Here is a good video https://www.youtube.com/watch?v=yc78EZqHA3U


----------



## daftandbarmy (8 Jan 2018)

Colin P said:
			
		

> Here is a good video https://www.youtube.com/watch?v=yc78EZqHA3U



My Dad was a big fan of the flame throwing Churchill tanks - the Crocodiles. The artillery would apparently cover them as they walked them into close range, and they would fire a 'warning shot' to give the Germans time to reconsider their cause. Mostly, they came out fast, with their hands up. 

He was happy to note that the SS usually refused, which is why he never liked the smell of pork roast after he returned from WW2.


----------



## Old Sweat (8 Jan 2018)

There is an account of the capture of May-sur-Orne on 8 August 1944 by the FMR supported by a squadron of Churchill Crocodiles on p. 229-230 of No Holding Back. The report by the chemical weapons staff at 2nd Canadian Corps included "the objective was gained without difficulty. A few enemy wounded were captured.
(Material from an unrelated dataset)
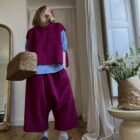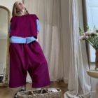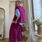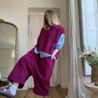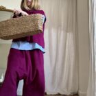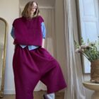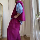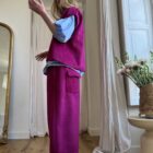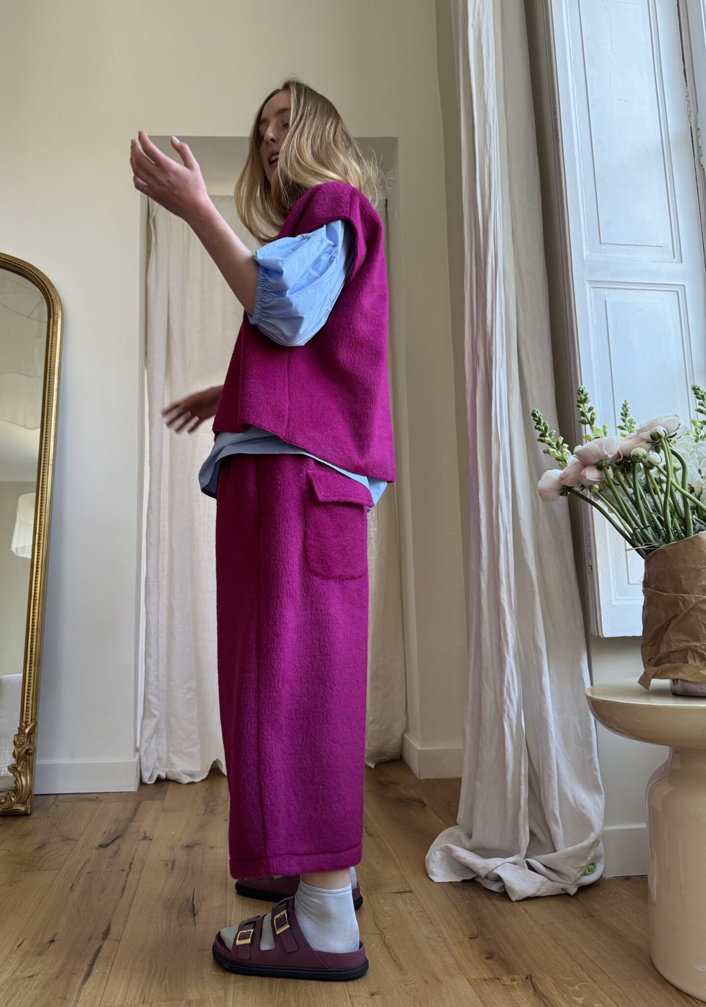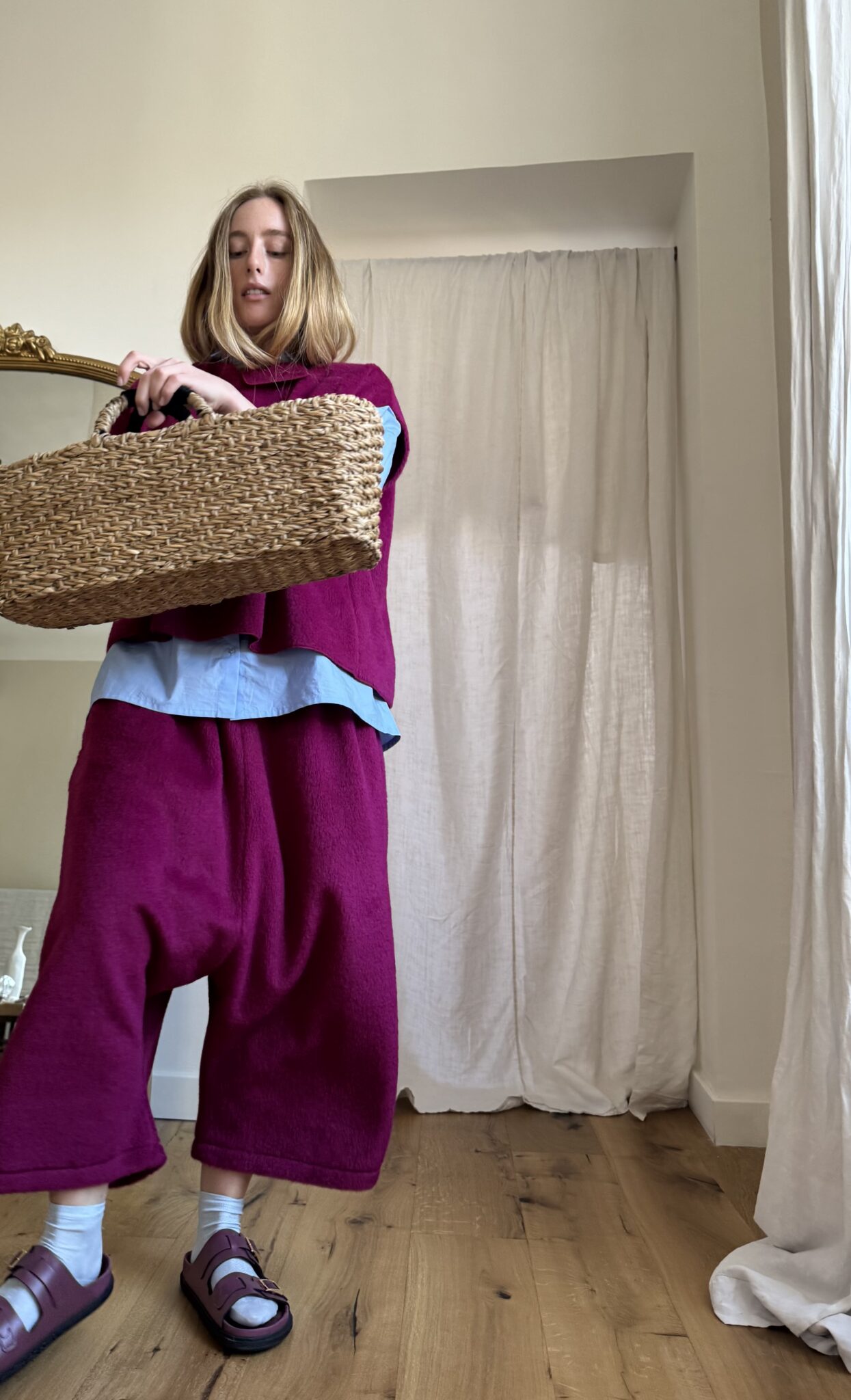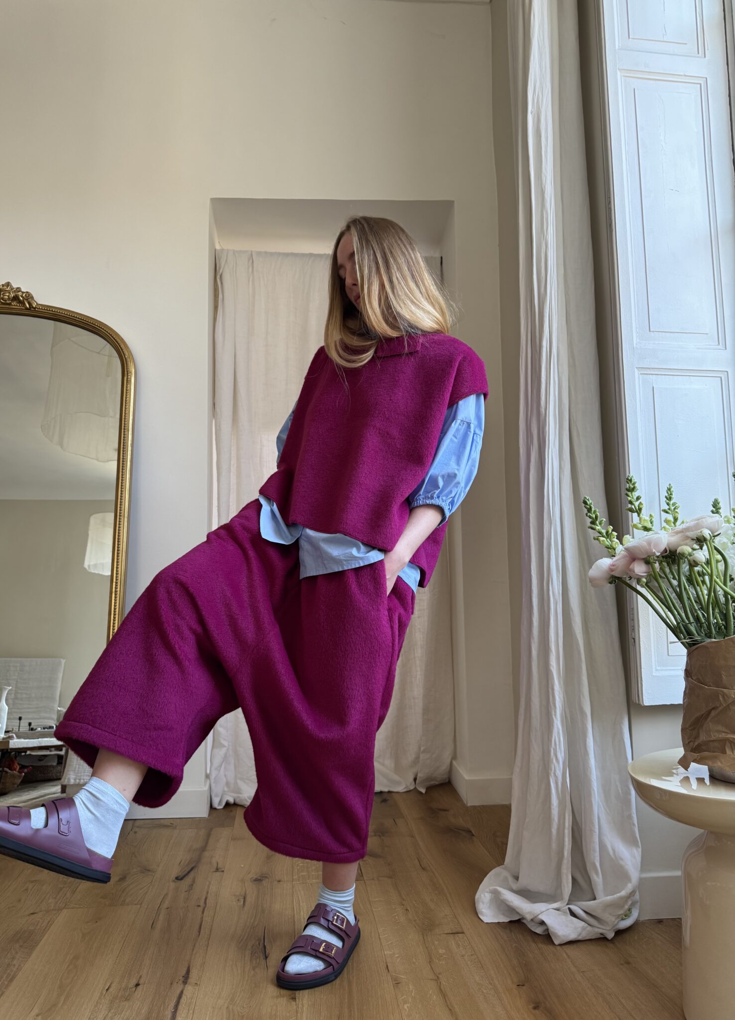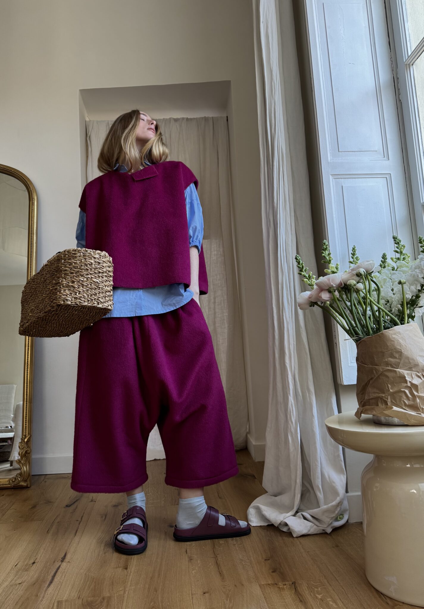 Pantalon « GASTON » tissu laineux framboise. Taille sur élastique, poches latérales. Poches plaquées à rabat au dos. Une coupe unisexe, oversize.

Apparently the enemy ceased all resistance and withdrew when the flame action commenced."


----------



## Rifleman62 (8 Jan 2018)

The first photo is from from Juno Beach I believe.

Read this book years ago and would like to reread.

https://www.amazon.com/Flame-Thrower-Andrew-Wilson/dp/0553245333



> synopsis back-cover
> 
> FLAME THROWER - ANDREW WILSON
> 
> ...




http://ww2f.com/threads/churchill-crocodile-tanks-and-the-ss.3974/

*Unit history of 79th (Armoured) Division 1944-45*

_Churchill Crocodiles_

Churchill Crocodiles were issued to 141st Regiment, Royal Armoured Corps (RAC), formerly an infantry battalion of the Buffs (East Kent Regiment), under the command of Lieutenant Colonel H.Waddell. They formed part of 31st Armoured Brigade, 79th (Armoured) Division.

The unit did not take part in D Day, and joined the division in the Bridgehead on 20th June 1944. Their first action was at Crepon, when 2 Crocodiles under Lieutenant J.W.G.Sherman supported C Squdaron Westminster Dragoons; there were no casualties.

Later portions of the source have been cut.